我在ViewModel中搜索了一下mBagOfTags,发现有一个clear方法,在里面将mBagOfTags遍历一遍,然后将所有value是Closeable的全部close。在上面的源码中,第一次使用viewModelScope的时候,会创建一个CloseableCoroutineScope,它实现了Closeable接口,并实现了close方法,刚好用来做取消操作。

看到这里,我们知道了:viewModelScope构建的协程是在ViewModel的clear方法回调时取消协程的。

而且,clear方法里面居然还有我们熟悉的onCleared方法调用。而onCleared我们知道是干什么的,当这个ViewModel不再使用时会回调这个方法,一般我们需要在此方法中做一些收尾工作,如取消观察者订阅、关闭资源之类的。

那么,大胆猜测一下,这个clear()方法应该也是在ViewModel要结束生命的时候调用的。

搜索了一下,发现clear方法是在ViewModelStore里面调用的。

public class ViewModelStore {

    private final HashMap<String, ViewModel> mMap = new HashMap<>();

    final void put(String key, ViewModel viewModel) {
        ViewModel oldViewModel = mMap.put(key, viewModel);
        if (oldViewModel != null) {
            oldViewModel.onCleared();
        }
    }

    final ViewModel get(String key) {
        return mMap.get(key);
    }

    Set<String> keys() {
        return new HashSet<>(mMap.keySet());
    }

    /**
     *  Clears internal storage and notifies ViewModels that they are no longer used.
     */
    public final void clear() {
        for (ViewModel vm : mMap.values()) {
            vm.clear();
        }
        mMap.clear();
    }
}

ViewModelStore是一个容器,用于盛放ViewModel。在ViewModelStore的clear方法中调用了该ViewModelStore中所有ViewModel的clear方法。那么ViewModelStore的clear是在哪里调用的?我跟着追踪,发现是在ComponentActivity的构造方法中。

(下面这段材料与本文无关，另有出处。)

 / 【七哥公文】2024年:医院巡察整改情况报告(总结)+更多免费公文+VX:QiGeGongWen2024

public ComponentActivity() {
    Lifecycle lifecycle = getLifecycle();
    getLifecycle().addObserver(new LifecycleEventObserver() {
        @Override
        public void onStateChanged(@NonNull LifecycleOwner source,
                @NonNull Lifecycle.Event event) {
            if (event == Lifecycle.Event.ON_DESTROY) {
                if (!isChangingConfigurations()) {
                    getViewModelStore().clear();
                }
            }
        }
    });
}

在Activity的生命周期走到onDestroy的时候调用ViewModelStore的clear做收尾工作。但是,注意一下,这个调用有个前提,此次走onDestroy不是因为配置更改才会去调用clear方法。

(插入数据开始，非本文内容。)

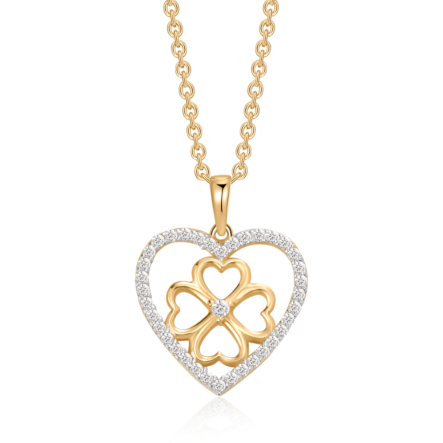 Smuk guld halskæde med et hjertevedhæng og en unik blomst af fire små hjerter, dekoreret med funklende syntetiske cubic zirconia. Dette romantiske og feminine smykke, kaldet "Flower of Hearts", symboliserer kærlighed og nærhed. Perfekt som gave til en elsket eller som et elegant tilbehør til dig selv. Den klassiske og tidløse design passer til enhver lejlighed.

好的,到此为止,咱们理通了viewModelScope的协程是怎么做到自动取消的(ViewModel的mBagOfTags),以及是在什么时候进行取消的(ViewModel的clear()时)。

3. lifecycleScope

对于Lifecycle,Google贴心地提供了LifecycleScope,我们可以直接通过launch来创建Coroutine。

3.1 使用

举个简单例子,比如在Activity的onCreate里面,每隔100毫秒更新一下TextView的文字。

lifecycleScope.launch {
    repeat(100000) {
        delay(100)
        tvText.text = "$it"
    }
}

因为LifeCycle是可以感知组件的生命周期的,所以Activity一旦onDestroy了,相应的上面这个lifecycleScope。launch闭包的调用也会取消。

另外,lifecycleScope还贴心地提供了launchWhenCreated、launchWhenStarted、launchWhenResumed方法,这些方法的闭包里面有协程的作用域,它们分别是在CREATED、STARTED、RESUMED时被执行。

//方式1
lifecycleScope.launchWhenStarted {
    repeat(100000) {
        delay(100)
        tvText.text = "$it"
    }
}
//方式2
lifecycleScope.launch {
    whenStarted { 
        repeat(100000) {
            delay(100)
            tvText.text = "$it"
        }
    }
}

不管是直接调用launchWhenStarted还是在launch中调用whenStarted都能达到同样的效果。

3.2 LifecycleScope的底层实现

先来看下lifecycleScope.launch是怎么做到的

/**
 * [CoroutineScope] tied to this [LifecycleOwner]'s [Lifecycle].
 *
 * This scope will be cancelled when the [Lifecycle] is destroyed.
 *
 * This scope is bound to
 * [Dispatchers.Main.immediate][kotlinx.coroutines.MainCoroutineDispatcher.immediate].
 */
val LifecycleOwner.lifecycleScope: LifecycleCoroutineScope
    get() = lifecycle.coroutineScope

好家伙,又是扩展属性。这次扩展的是LifecycleOwner,返回了一个LifecycleCoroutineScope。每次在get的时候,是返回的lifecycle.coroutineScope,看看这个是啥。

/**
 * [CoroutineScope] tied to this [Lifecycle].
 *
 * This scope will be cancelled when the [Lifecycle] is destroyed.
 *
 * This scope is bound to
 * [Dispatchers.Main.immediate][kotlinx.coroutines.MainCoroutineDispatcher.immediate]
 */
val Lifecycle.coroutineScope: LifecycleCoroutineScope
    get() {
        while (true) {
            val existing = mInternalScopeRef.get() as LifecycleCoroutineScopeImpl?
            if (existing != null) {
                return existing
            }
            val newScope = LifecycleCoroutineScopeImpl(
                this,
                SupervisorJob() + Dispatchers.Main.immediate
            )
            if (mInternalScopeRef.compareAndSet(null, newScope)) {
                newScope.register()
                return newScope
            }
        }
    }

Lifecycle的coroutineScope也是扩展属性,它是一个LifecycleCoroutineScope。从注释可以看到,在Lifecycle被销毁之后,这个协程会跟着取消。这里首先会从mInternalScopeRef中取之前存入的缓存,如果没有再生成一个LifecycleCoroutineScopeImpl放进去,并调用LifecycleCoroutineScopeImpl的register函数。这里的mInternalScopeRef是Lifecycle类里面的一个属性: AtomicReference<Object> mInternalScopeRef = new AtomicReference<>(); (AtomicReference可以让一个对象保证原子性)。这里使用AtomicReference当然是为了线程安全。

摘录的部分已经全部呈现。